==== RECORDS SHOWN

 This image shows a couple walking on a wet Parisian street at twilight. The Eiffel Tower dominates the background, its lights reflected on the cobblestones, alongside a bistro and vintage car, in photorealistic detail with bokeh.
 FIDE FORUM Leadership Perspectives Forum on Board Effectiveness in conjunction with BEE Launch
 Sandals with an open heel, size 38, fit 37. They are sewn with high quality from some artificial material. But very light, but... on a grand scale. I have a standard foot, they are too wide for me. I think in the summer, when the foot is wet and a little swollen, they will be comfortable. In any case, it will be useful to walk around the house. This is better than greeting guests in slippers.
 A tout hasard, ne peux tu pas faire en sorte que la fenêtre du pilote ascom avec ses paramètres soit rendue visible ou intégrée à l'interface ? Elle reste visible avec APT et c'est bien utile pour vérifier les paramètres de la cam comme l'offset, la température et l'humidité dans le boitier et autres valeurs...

========
==== RECORDS SHOWN

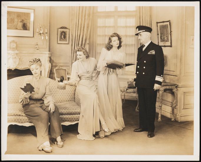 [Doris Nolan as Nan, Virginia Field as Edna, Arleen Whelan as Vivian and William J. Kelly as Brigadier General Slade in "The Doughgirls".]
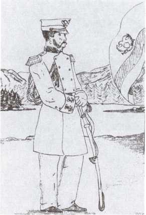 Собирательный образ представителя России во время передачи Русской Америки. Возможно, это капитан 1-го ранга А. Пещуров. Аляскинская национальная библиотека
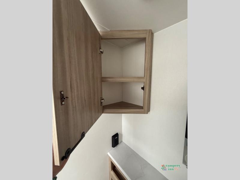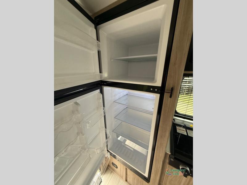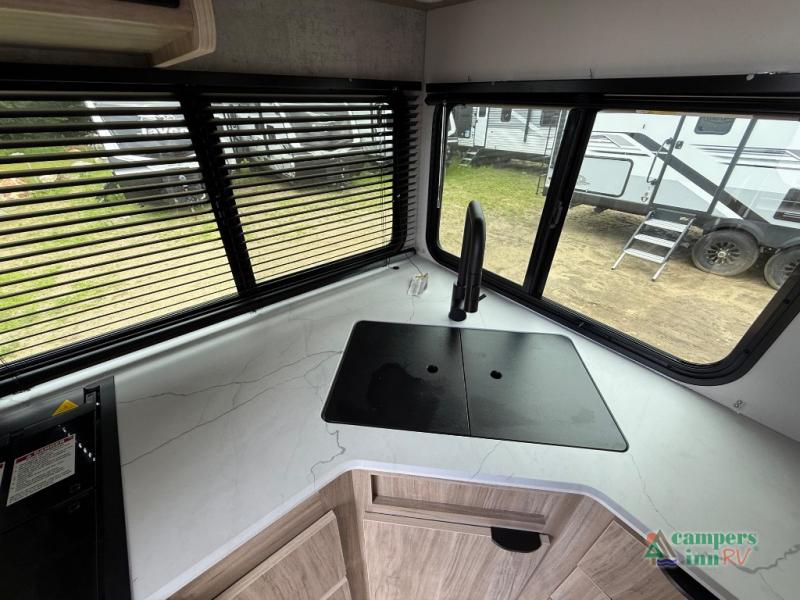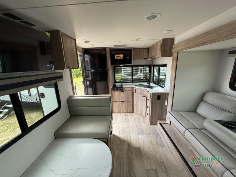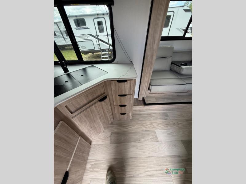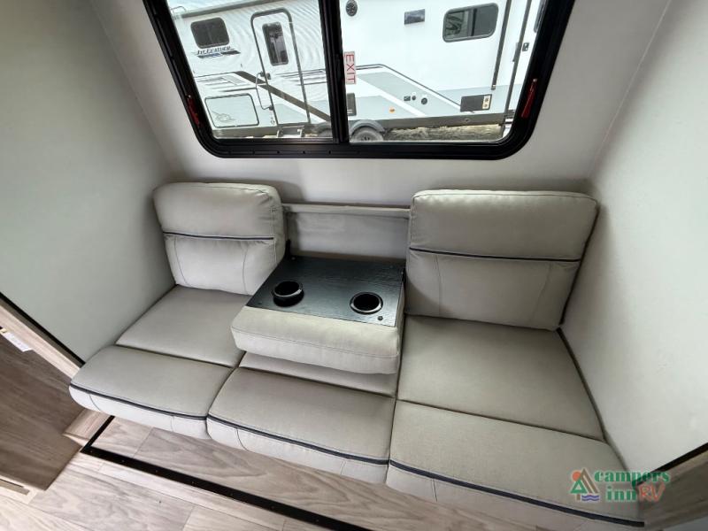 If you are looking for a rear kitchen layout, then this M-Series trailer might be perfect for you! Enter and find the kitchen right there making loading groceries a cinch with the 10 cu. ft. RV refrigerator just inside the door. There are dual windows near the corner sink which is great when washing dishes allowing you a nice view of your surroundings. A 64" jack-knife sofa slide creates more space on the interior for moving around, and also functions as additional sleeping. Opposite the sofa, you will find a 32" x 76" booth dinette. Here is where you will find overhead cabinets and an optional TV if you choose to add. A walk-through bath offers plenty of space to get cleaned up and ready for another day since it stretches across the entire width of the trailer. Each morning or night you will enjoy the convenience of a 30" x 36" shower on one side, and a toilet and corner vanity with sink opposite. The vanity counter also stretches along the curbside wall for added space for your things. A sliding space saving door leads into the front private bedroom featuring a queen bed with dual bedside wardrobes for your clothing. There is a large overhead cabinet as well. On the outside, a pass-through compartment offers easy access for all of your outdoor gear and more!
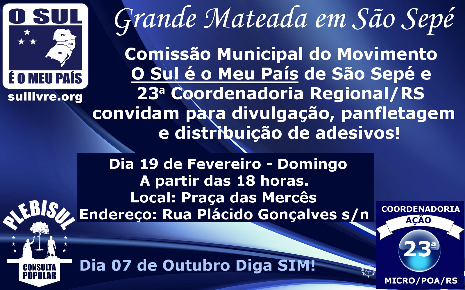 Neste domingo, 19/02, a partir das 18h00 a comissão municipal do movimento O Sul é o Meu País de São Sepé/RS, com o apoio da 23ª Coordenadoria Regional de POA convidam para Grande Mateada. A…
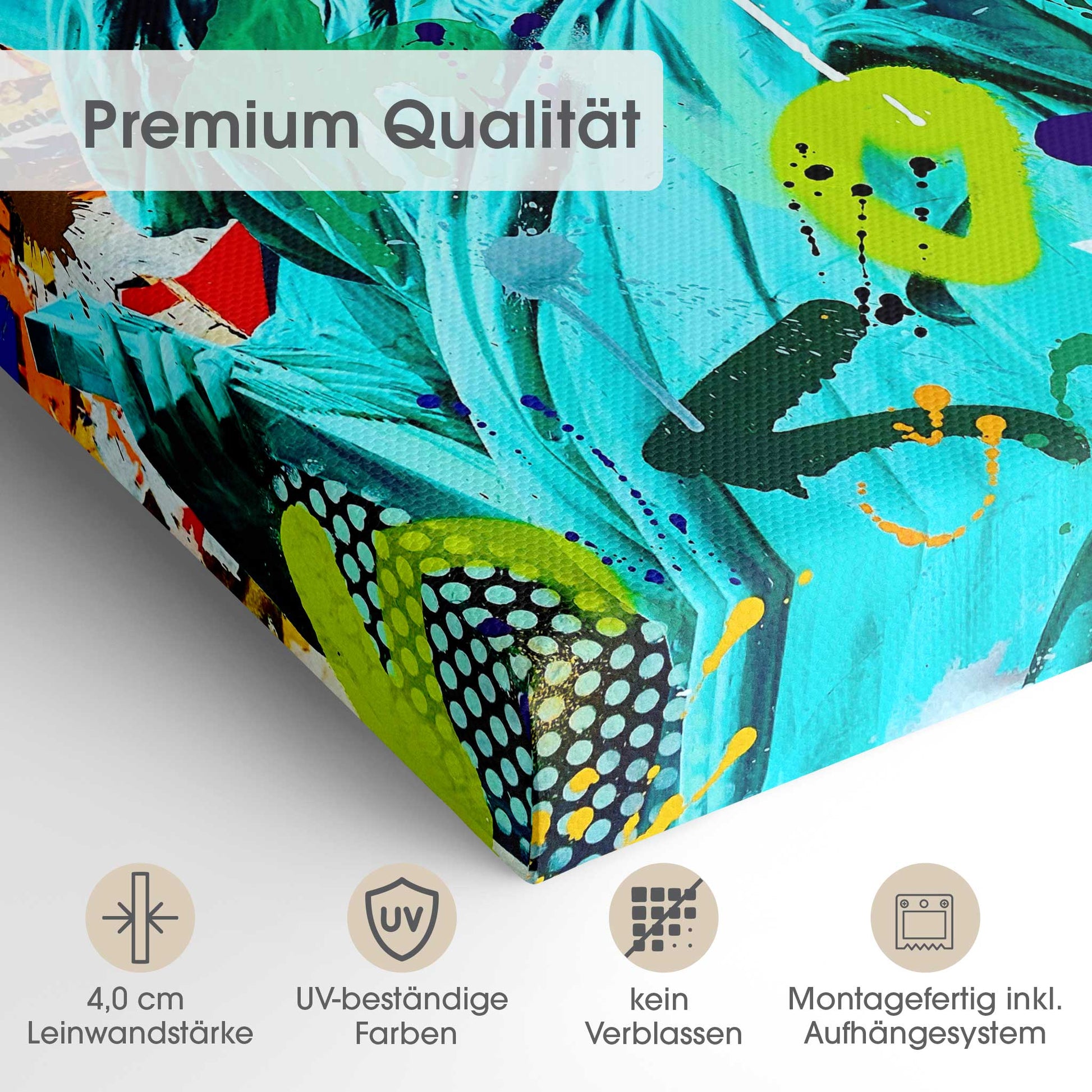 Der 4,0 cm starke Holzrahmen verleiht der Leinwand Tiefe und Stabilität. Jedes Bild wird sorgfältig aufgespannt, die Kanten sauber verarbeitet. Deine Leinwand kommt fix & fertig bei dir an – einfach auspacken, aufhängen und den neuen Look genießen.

========

**DIRECTIONS:** In the listing above, find the line containing "This image shows" and the line containing "A tout hasard, ne", then quote both, plus every line between them, exactly as written.

**RESPONSE BELOW:**
 This image shows a couple walking on a wet Parisian street at twilight. The Eiffel Tower dominates the background, its lights reflected on the cobblestones, alongside a bistro and vintage car, in photorealistic detail with bokeh.
 FIDE FORUM Leadership Perspectives Forum on Board Effectiveness in conjunction with BEE Launch
 Sandals with an open heel, size 38, fit 37. They are sewn with high quality from some artificial material. But very light, but... on a grand scale. I have a standard foot, they are too wide for me. I think in the summer, when the foot is wet and a little swollen, they will be comfortable. In any case, it will be useful to walk around the house. This is better than greeting guests in slippers.
 A tout hasard, ne peux tu pas faire en sorte que la fenêtre du pilote ascom avec ses paramètres soit rendue visible ou intégrée à l'interface ? Elle reste visible avec APT et c'est bien utile pour vérifier les paramètres de la cam comme l'offset, la température et l'humidité dans le boitier et autres valeurs...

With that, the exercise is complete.